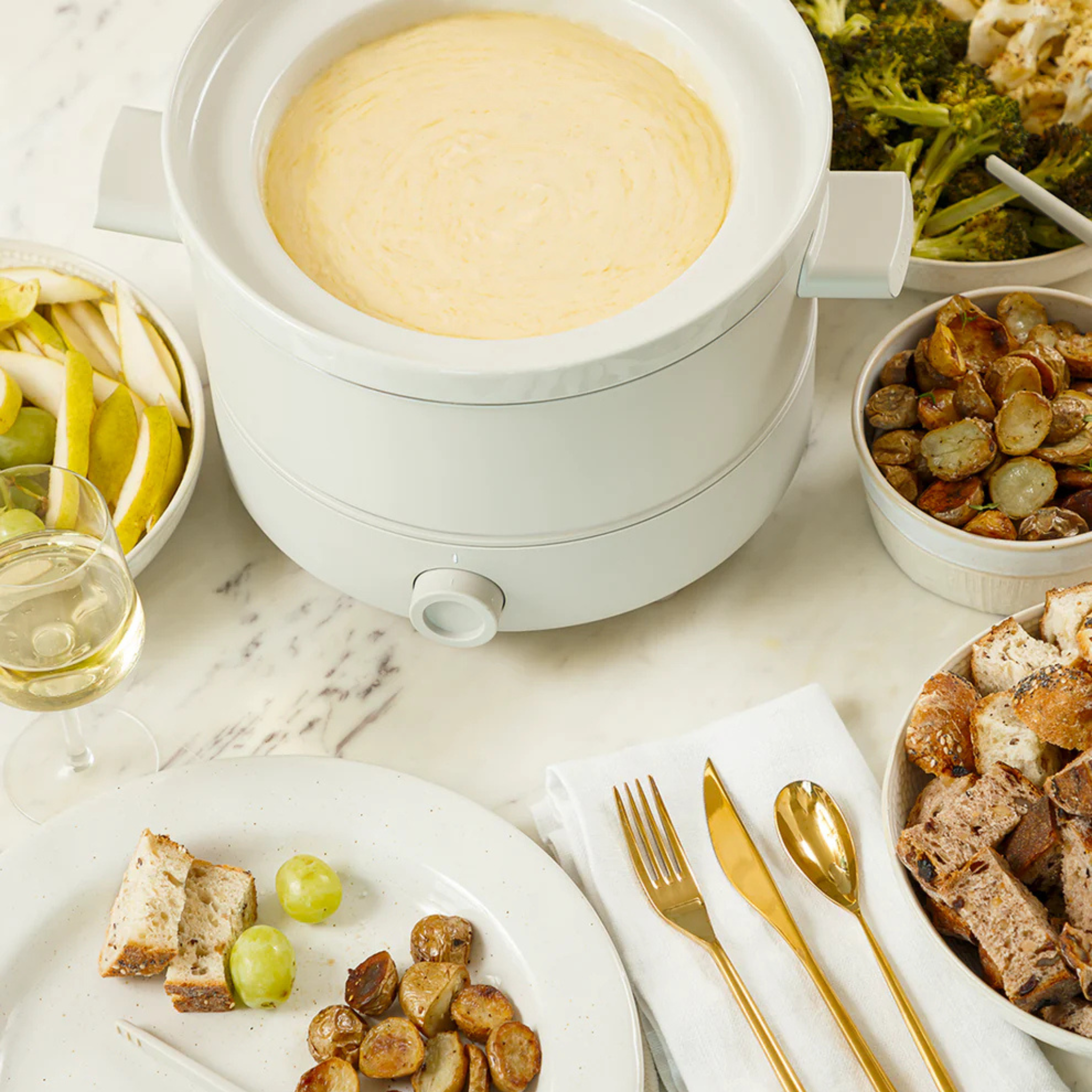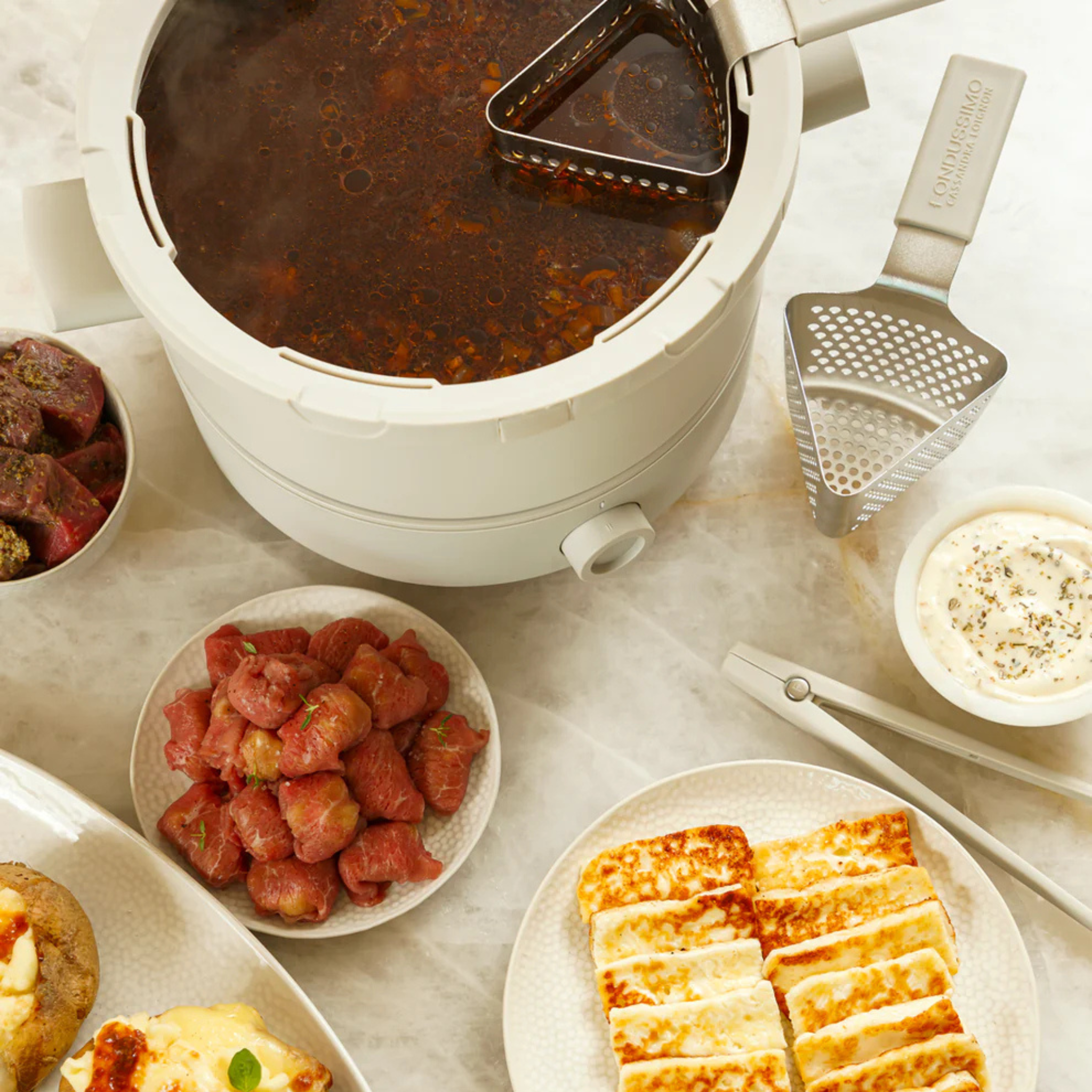 Développé en collaboration avec Cassandra Loignon, cet ensemble 3-en-1 permet de réaliser des fondues au bouillon, au fromage, au chocolat ou encore d’utiliser le mode poêlon. Élégant et polyvalent, il comprend tous les accessoires nécessaires pour partager des repas conviviaux et raffinés.
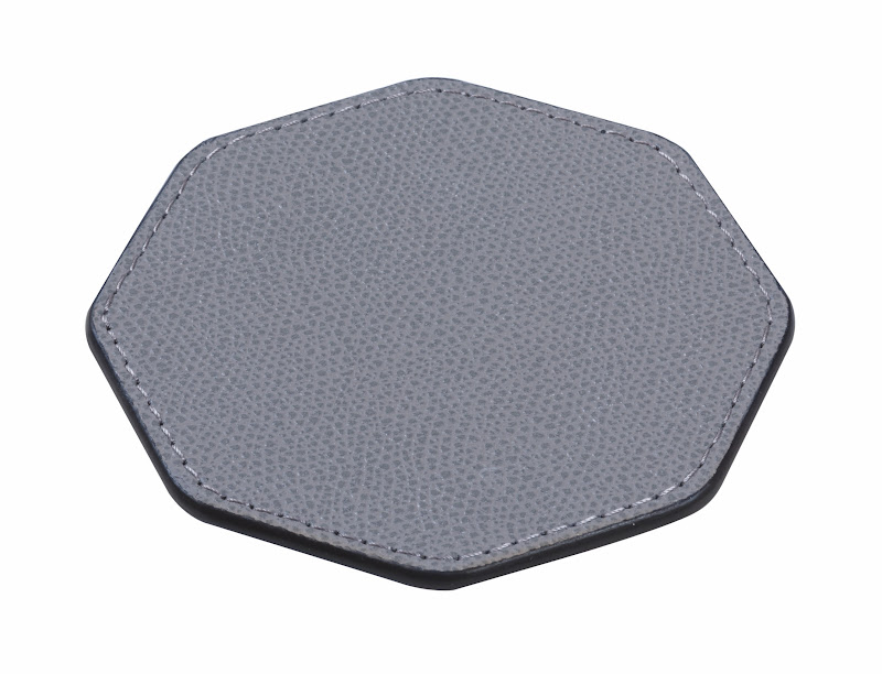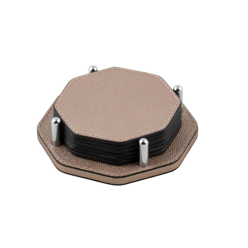 | Houder met 6 onderzetters achthoekig “David”. Basis van hout, bekleed met kalfsleer voorzien van metalen pennetjes. De onderzetters zijn volledig leer en zijn semi-flexibel en waterbestendig.
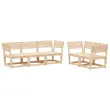 Ta vrtna sedežna garnitura je popoln dodatek za vaše dvorišče, teraso ali verando, saj zagotavlja udoben in vabljiv prostor za klepet z družino in prijatelji ali preprosto za sprostitev in uživanje na prostem. Trdna borovina: Trdna borovina je čudovit naravni material. Borovina ima ravne vzorce, grče pa dajejo materialu njegov značilen, rustikalen videz.Udobno sedenje: To zunanje pohištvo z nasloni za hrbet zagotavlja udobno sedenje.Zasnova iz letvic: Zasnova zunanjega kavča iz letvic učinkovito preprečuje nabiranje vode, kar zagotavlja, da ostane sedež suh in brez gnitja.Modularna zasnova: Ta komplet zunanjega pohištva ima modularno zasnovo, zaradi česar je popolnoma prilagodljiv in enostaven za premikanje, tako da lahko zunanjo garnituro postavite kakor koli želite. Dobro je vedeti:Če želite, da vaše zunanje pohištvo ostane lepo, vam priporočamo, da ga zaščitite z vodoodporno prevleko.Maksimalna nosilnost (na sedež): 110 kgPotrebno sestavljanje: DaKavč brez naslonov za roke:Material: Trdna borovina (neobdelana)Dimenzije: 63,5 x 73 x 78 cm (Š x G x V)Velikost sedeža: 63,5 x 63,5 cm (Š x G)Višina naslonjala za hrbet: 40 cmVišina sedeža, merjena od tal: 38 cmKotni kavč:Material: Trdna borovina (neobdelana)Dimenzije: 73 x 73 x 78 cm (Š x G x V)Višina sedeža, merjena od tal: 38 cmVelikost sedeža: 63,5 x 63,5 cm (Š x G)Paket vsebuje:4 x Kotni kavč1 x Kavč brez naslonjal za roke Največ 110 kg na sedež.
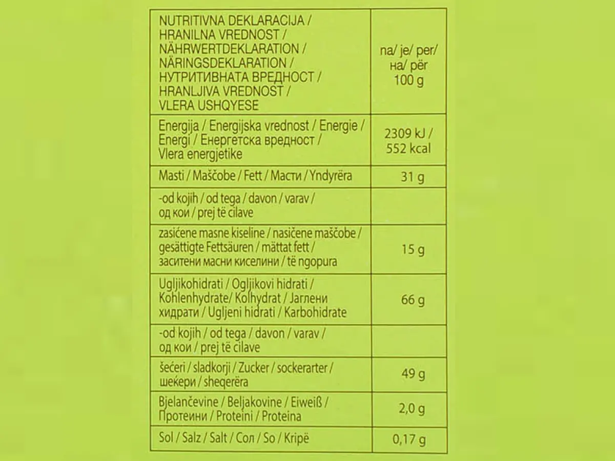 Proizvod sadrži gluten i soju, a može sadržavati lješnjak i mlijeko u tragovima.

________________________

Task instructions: Restate word for word, please, the line containing "Ta vrtna sedežna" and all lines after it through the end of the material; the pictures do not belong in the copy.

Solved exercise:
 Ta vrtna sedežna garnitura je popoln dodatek za vaše dvorišče, teraso ali verando, saj zagotavlja udoben in vabljiv prostor za klepet z družino in prijatelji ali preprosto za sprostitev in uživanje na prostem. Trdna borovina: Trdna borovina je čudovit naravni material. Borovina ima ravne vzorce, grče pa dajejo materialu njegov značilen, rustikalen videz.Udobno sedenje: To zunanje pohištvo z nasloni za hrbet zagotavlja udobno sedenje.Zasnova iz letvic: Zasnova zunanjega kavča iz letvic učinkovito preprečuje nabiranje vode, kar zagotavlja, da ostane sedež suh in brez gnitja.Modularna zasnova: Ta komplet zunanjega pohištva ima modularno zasnovo, zaradi česar je popolnoma prilagodljiv in enostaven za premikanje, tako da lahko zunanjo garnituro postavite kakor koli želite. Dobro je vedeti:Če želite, da vaše zunanje pohištvo ostane lepo, vam priporočamo, da ga zaščitite z vodoodporno prevleko.Maksimalna nosilnost (na sedež): 110 kgPotrebno sestavljanje: DaKavč brez naslonov za roke:Material: Trdna borovina (neobdelana)Dimenzije: 63,5 x 73 x 78 cm (Š x G x V)Velikost sedeža: 63,5 x 63,5 cm (Š x G)Višina naslonjala za hrbet: 40 cmVišina sedeža, merjena od tal: 38 cmKotni kavč:Material: Trdna borovina (neobdelana)Dimenzije: 73 x 73 x 78 cm (Š x G x V)Višina sedeža, merjena od tal: 38 cmVelikost sedeža: 63,5 x 63,5 cm (Š x G)Paket vsebuje:4 x Kotni kavč1 x Kavč brez naslonjal za roke Največ 110 kg na sedež.
 Proizvod sadrži gluten i soju, a može sadržavati lješnjak i mlijeko u tragovima.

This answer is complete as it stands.